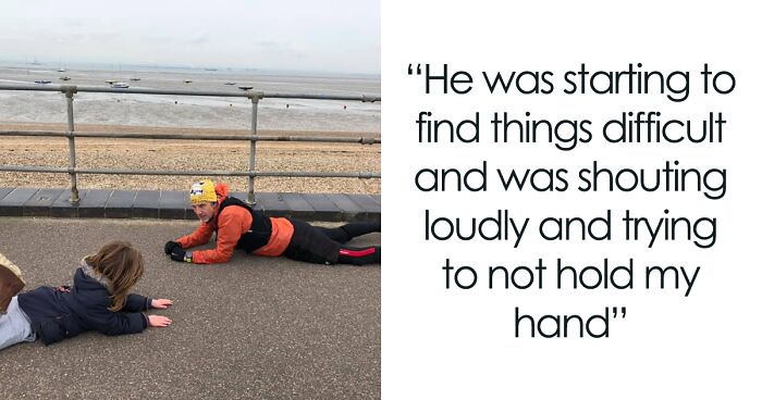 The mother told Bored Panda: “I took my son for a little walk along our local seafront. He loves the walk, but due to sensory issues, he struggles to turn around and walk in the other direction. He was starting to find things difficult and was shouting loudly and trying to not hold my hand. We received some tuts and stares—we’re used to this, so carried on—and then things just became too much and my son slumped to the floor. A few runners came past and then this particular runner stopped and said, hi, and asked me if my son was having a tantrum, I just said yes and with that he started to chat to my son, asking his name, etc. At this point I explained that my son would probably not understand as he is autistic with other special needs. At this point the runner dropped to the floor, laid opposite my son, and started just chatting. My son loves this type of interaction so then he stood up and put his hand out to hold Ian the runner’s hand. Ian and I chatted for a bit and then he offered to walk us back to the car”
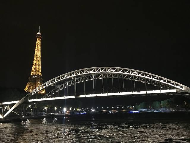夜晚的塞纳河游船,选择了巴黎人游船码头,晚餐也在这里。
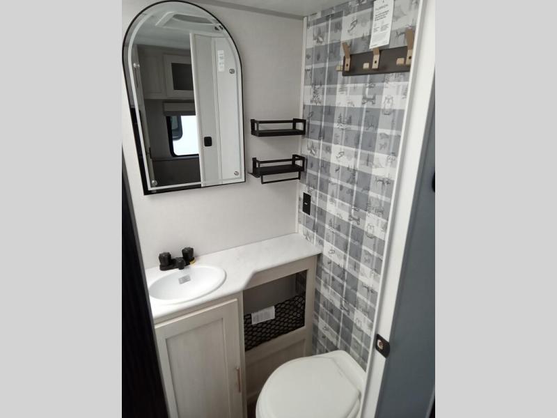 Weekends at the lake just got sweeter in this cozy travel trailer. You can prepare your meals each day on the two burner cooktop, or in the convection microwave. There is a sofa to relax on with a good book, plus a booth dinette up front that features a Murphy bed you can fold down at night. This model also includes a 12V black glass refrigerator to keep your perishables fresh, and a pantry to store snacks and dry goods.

▸ **Description of the task**:
Word for word, restate the whole listing and drop the images.

▸ **Completed task**:
 The mother told Bored Panda: “I took my son for a little walk along our local seafront. He loves the walk, but due to sensory issues, he struggles to turn around and walk in the other direction. He was starting to find things difficult and was shouting loudly and trying to not hold my hand. We received some tuts and stares—we’re used to this, so carried on—and then things just became too much and my son slumped to the floor. A few runners came past and then this particular runner stopped and said, hi, and asked me if my son was having a tantrum, I just said yes and with that he started to chat to my son, asking his name, etc. At this point I explained that my son would probably not understand as he is autistic with other special needs. At this point the runner dropped to the floor, laid opposite my son, and started just chatting. My son loves this type of interaction so then he stood up and put his hand out to hold Ian the runner’s hand. Ian and I chatted for a bit and then he offered to walk us back to the car”
夜晚的塞纳河游船,选择了巴黎人游船码头,晚餐也在这里。
 Weekends at the lake just got sweeter in this cozy travel trailer. You can prepare your meals each day on the two burner cooktop, or in the convection microwave. There is a sofa to relax on with a good book, plus a booth dinette up front that features a Murphy bed you can fold down at night. This model also includes a 12V black glass refrigerator to keep your perishables fresh, and a pantry to store snacks and dry goods.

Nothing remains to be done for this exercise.